Our high corporate tax rate is the area where we are under the most competitive pressure — we now have the third-highest rate in the industrialised world. A globally competitive tax rate is one of the most direct and effective economy-wide policy levers we have to boost investment.

Reducing the corporate tax rate is the springboard that allows you to grow the economy, which in turn provides you with greater fiscal capacity to undertake further reform.

As we said in our original commitment, if the Senate passes this important legislation our members, as some of the nation’s largest employers, commit to invest more in Australia, which will lead to employing more Australians and therefore stronger wage growth as the investments build.

In fact, over the past 18 months our member CEOs have repeatedly called for the Parliament to pass the Enterprise Tax Plan.

Why have they done this?

They’ve done it because this plan is measured, fiscally responsible and fully accounted for, but most importantly a reduction in the tax rate is about sending a signal for investment.

Investment allows businesses to expand, hire new workers, and become more efficient, to enter new markets and export.

A competitive tax system telegraphs that Australia intends to remain internationally competitive. Business will be able to bring forward investments ahead of the actual tax cuts if they are confident that the lower rates will apply as investments come on stream.

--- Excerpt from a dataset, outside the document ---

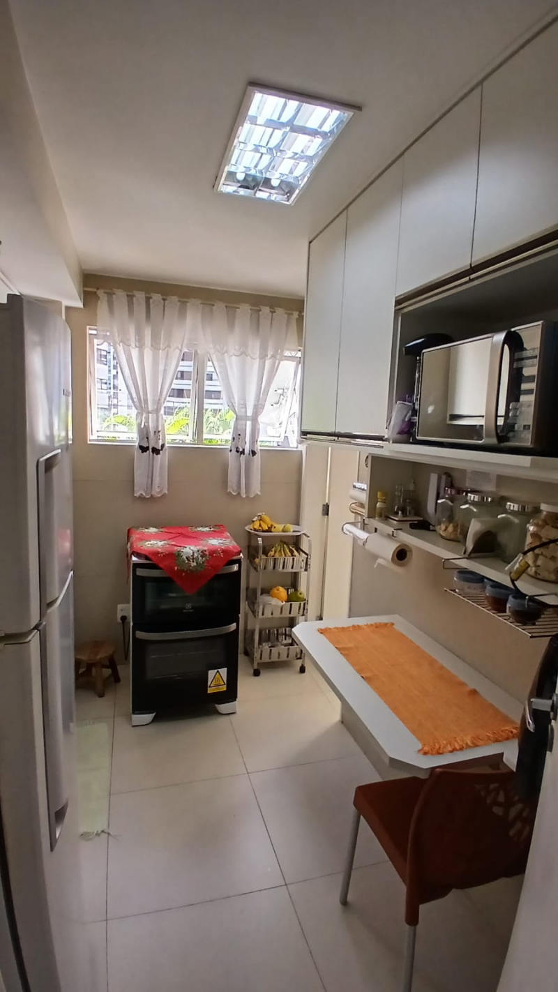 Apartamento disponível para alugar por temporada, composto por um 2/4 sendo uma suíte, banheiro social, cozinha, sala ampla, banheiro de serviço e área de serviço, tendo armários em quase todos os cômodos. Conta com área privativa de 80m², 1 vaga de garagem e fica no 5º andar do prédio.

When companies are weighing up where to invest, do we really want to put Australia at a competitive disadvantage?

The US slashed its corporate tax rate by 14 percentage points almost overnight, while the modest five percentage point reduction proposed for Australia takes 10 years to be fully phased in.

The IMF confirmed that the US tax cuts will draw substantial investment funds into the US from global markets.

The reality is that company tax is a tax on investment, and as a nation we cannot afford for investment to go elsewhere, because so too will the growth it drives.

We can’t afford to deny Australians the opportunity to grow the economy by $18bn a year — that’s an additional $180bn over 10 years.

The facts show that Australian workers benefit the most from growth. ABS statistics show that 55 per cent of the benefit of economic growth historically goes to income through more people working, more people working more hours and higher incomes.

This is a fact, not a forecast. That is why we are confident in Treasury modelling that shows over half the benefits from reducing the company tax rate to 25 per cent flow to Australian workers and households.

Government revenues would be about $4 billion higher (in today’s terms) every year. This will help fund the services we all want and need.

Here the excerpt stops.